Navigation

Bulk Record Insert Into MarkLogic

For this example we’ll be using compressed aggregate JSON data. The data is a mock-up of IoT power data from different devices. The data can be downloaded here.

If you’d like to skip through the detailed setup, you can import the NiFi template and fill in the key following key information:

  • Folder location of the IOT-Data.json.zip in the ListFile configuration
  • MarkLogic credentials to the DatabaseClient Service associated with the PutMarkLogicRecord Processor

Add ListFile Processor

Drag the Processor icon next the NiFi logo into the template grid. Filter for the ListFile Processor click the ADD button.

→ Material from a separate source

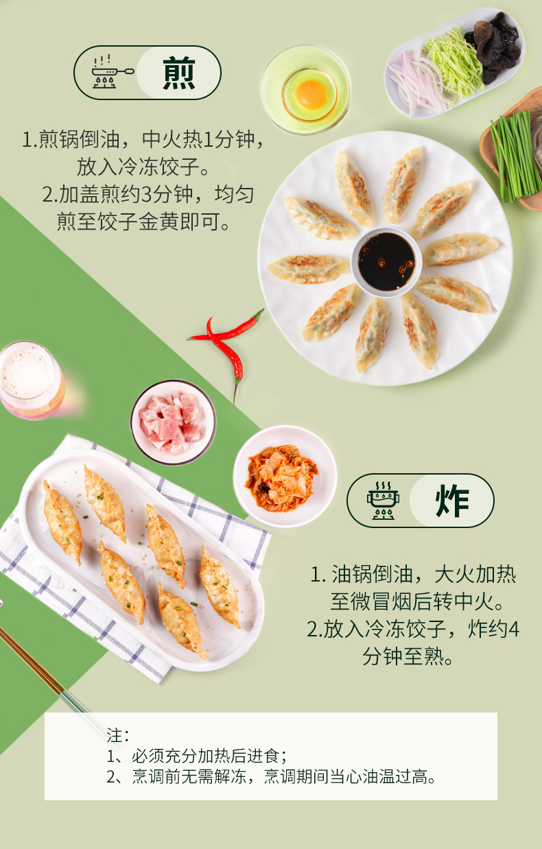 2.是熟冻的,意思是煮半熟后再冻起来的,自己煮的话比较容易熟,还能蒸煎炸都行,吃法多样,不需要专门买蒸饺或者煎饺了。

With the ListFile Processor on your grid, right-click the processor select Configure from the menu. On the PROPERTIES tab, set the Input Directory property the directory where IOT-Data.json.zip lives. If other files are in the same directory, you’ll also want to set the File Filter to the filename IOT-Data.json.zip to ensure additional files aren’t processed.

Add FetchFile Processor

Add the FetchFile processor to the grid and go to the processors configure screen. On the SETTINGS tab, select the check boxes to automatically terminate the failure, not.found and permission.denied relationships. Apply those changes.

Click and hold the ListFile processor and drag an arrow to the FetchFile processor. A modal will appear with details of the new relationship you are creating. Click the ADD button.

Add UnpackContent Processor

Add the UnpackContent Processor to the grid. Configure the processor so that the failure and original relationships are automatically terminated and set the Packaging Format property to zip.

Add a success relationship from the FetchFile processor to the UnpackContent processor.

Add PutMarkLogicRecord Processor

Add the PutMarkLogicRecord Processor to the grid. Configure the processor so that the batch_sucess, original, failure, and success relationships are automatically terminated.

Set the DatabaseClient Service to the Controller Service we created previously in Setup MarkLogicDatabaseClientService.

Set Collections to iot-data, URI Prefix to /, and URI Suffix to .json.

Set Record Reader to a new JsonTreeReader with a Schema Access Strategy set to Use 'Schema Text' Property and set Schema Text to the JSON below:

{
              "name": "AllObjects",
              "type": "record",
              "fields": [
              {
                  "name": "Objects",
                  "type":  {
                  "type":"array",
                  "items":
                      {
                          "name": "Objects",
                          "type": "record",
                          "fields": [
                          {
                              "name": "Object",
                              "type":
                              {
                                  "name":"Object",
                                  "type": "record",
                                  "fields": [
                                  {
                                      "name": "type",
                                      "type": "string"
                                  },
                                  {
                                      "name": "id",
                                      "type": "string"
                                  },
                                  {
                                      "name": "infoItem",
                                      "type":
                                      {
                                          "name": "infoItem",
                                          "type": "record",
                                          "fields": [
                                          {
                                              "name": "name",
                                              "type": "string"
                                          },
                                          {
                                              "name": "values",
                                              "type": {
                                              "type":"array",
                                              "items":
                                              {
                                                  "name": "values",
                                                  "type": "record",
                                                  "fields": [
                                                  {
                                                      "name": "value",
                                                      "type": "double"
                                                  },
                                                  {
                                                      "name": "dateTime",
                                                      "type":"string",
                                                      "java-class":"java.util.Date"
                                                  }]
                                              }}
                                          }]
                                      }
                                  }]
                              }
                          }]
                      }
                  }
              }]
          }
        

Set Record Writer as a new JsonRecordSetWriter and change the property Output Grouping to One Line Per Object.

Add a success relationship from the UnpackContent processor to the PutMarkLogicRecord processor.

For more details on the available properties, see PutMarkLogicRecord Processor.

Run Ingest

Hold the shift key and click and drag to select all the processors on the grid. In the lower left select the Play button to start ingest.